## SOURCE DATA:
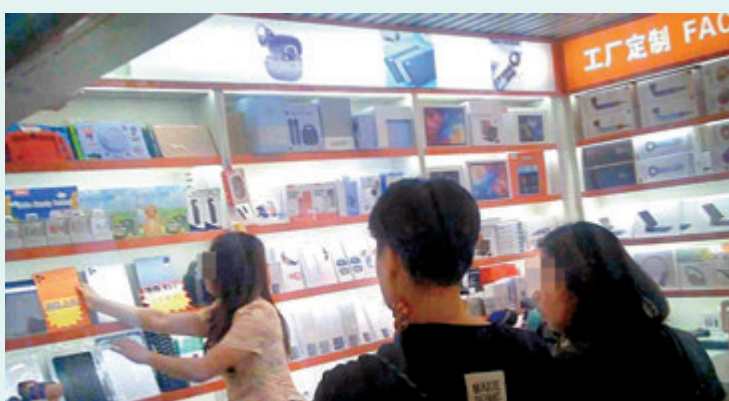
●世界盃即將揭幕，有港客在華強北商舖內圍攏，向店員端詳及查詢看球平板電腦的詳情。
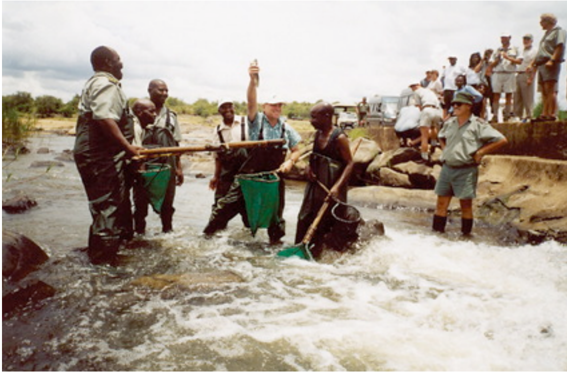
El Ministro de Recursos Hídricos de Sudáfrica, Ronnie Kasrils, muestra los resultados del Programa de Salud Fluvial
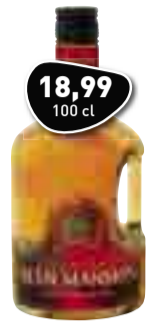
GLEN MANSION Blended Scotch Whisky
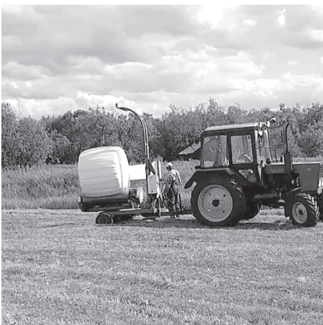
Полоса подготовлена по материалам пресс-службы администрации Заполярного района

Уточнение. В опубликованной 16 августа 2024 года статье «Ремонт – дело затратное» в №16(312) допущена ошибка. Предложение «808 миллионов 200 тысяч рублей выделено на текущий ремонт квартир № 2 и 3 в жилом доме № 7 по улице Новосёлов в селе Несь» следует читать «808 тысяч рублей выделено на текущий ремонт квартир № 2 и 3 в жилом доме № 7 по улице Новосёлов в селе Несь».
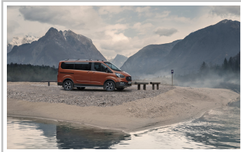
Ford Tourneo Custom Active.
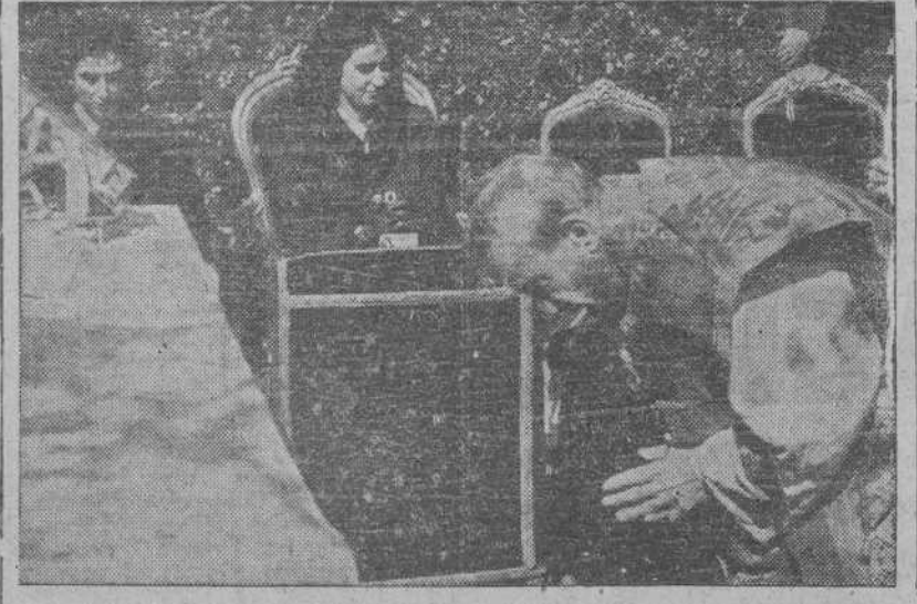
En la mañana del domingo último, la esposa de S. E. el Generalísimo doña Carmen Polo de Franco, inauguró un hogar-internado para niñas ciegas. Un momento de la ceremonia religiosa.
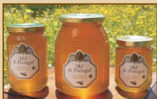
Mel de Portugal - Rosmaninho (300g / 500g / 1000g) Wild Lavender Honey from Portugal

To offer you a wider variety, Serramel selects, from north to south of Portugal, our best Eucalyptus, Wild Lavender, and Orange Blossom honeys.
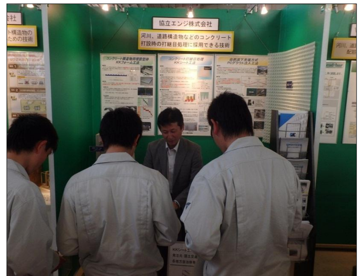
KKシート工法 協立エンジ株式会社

--

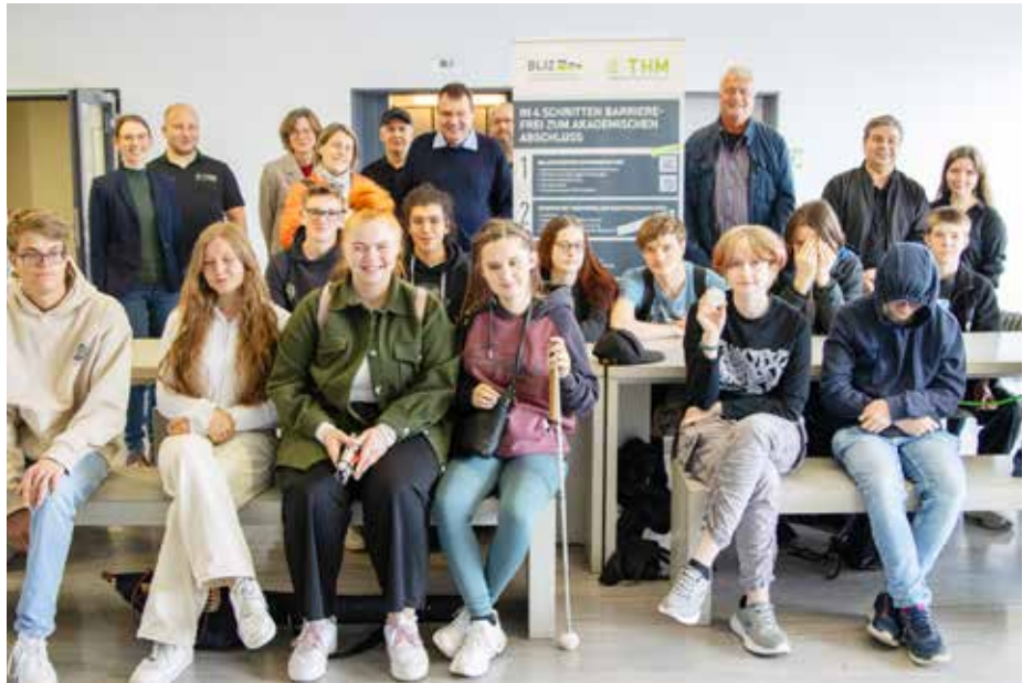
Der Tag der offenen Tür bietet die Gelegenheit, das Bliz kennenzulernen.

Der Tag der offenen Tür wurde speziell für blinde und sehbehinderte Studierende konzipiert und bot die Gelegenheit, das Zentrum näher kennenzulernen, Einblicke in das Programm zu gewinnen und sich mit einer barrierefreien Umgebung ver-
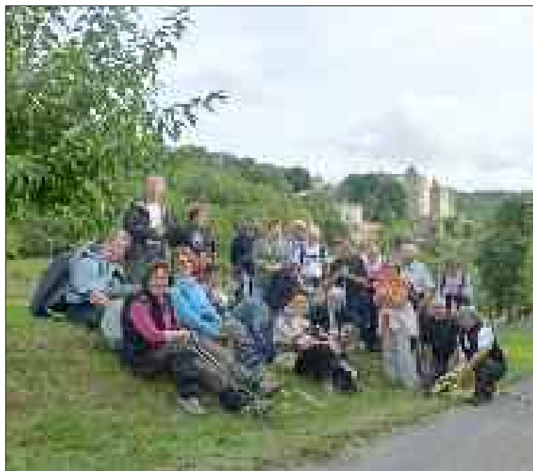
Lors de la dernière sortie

==

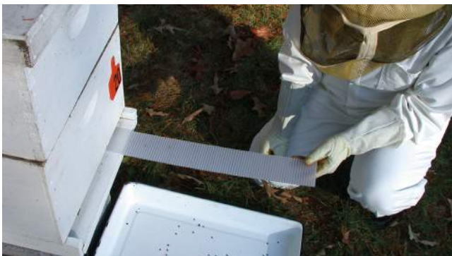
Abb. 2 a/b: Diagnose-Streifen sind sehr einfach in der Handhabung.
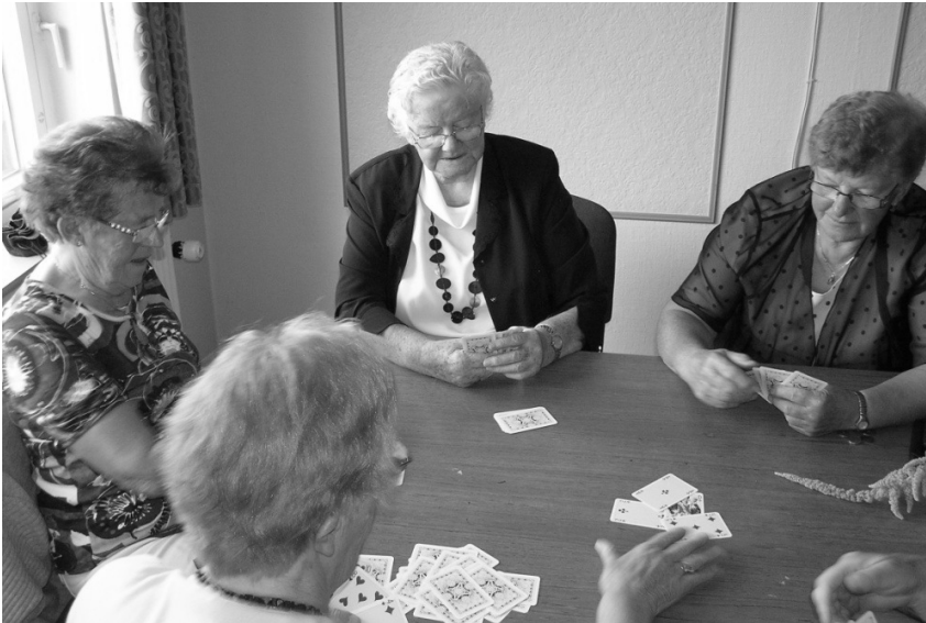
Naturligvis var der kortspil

## EXERCISE GOAL:
Every line of the material above that includes the string "Lavender" is required.

## RESULT BELOW:
Mel de Portugal - Rosmaninho (300g / 500g / 1000g) Wild Lavender Honey from Portugal
To offer you a wider variety, Serramel selects, from north to south of Portugal, our best Eucalyptus, Wild Lavender, and Orange Blossom honeys.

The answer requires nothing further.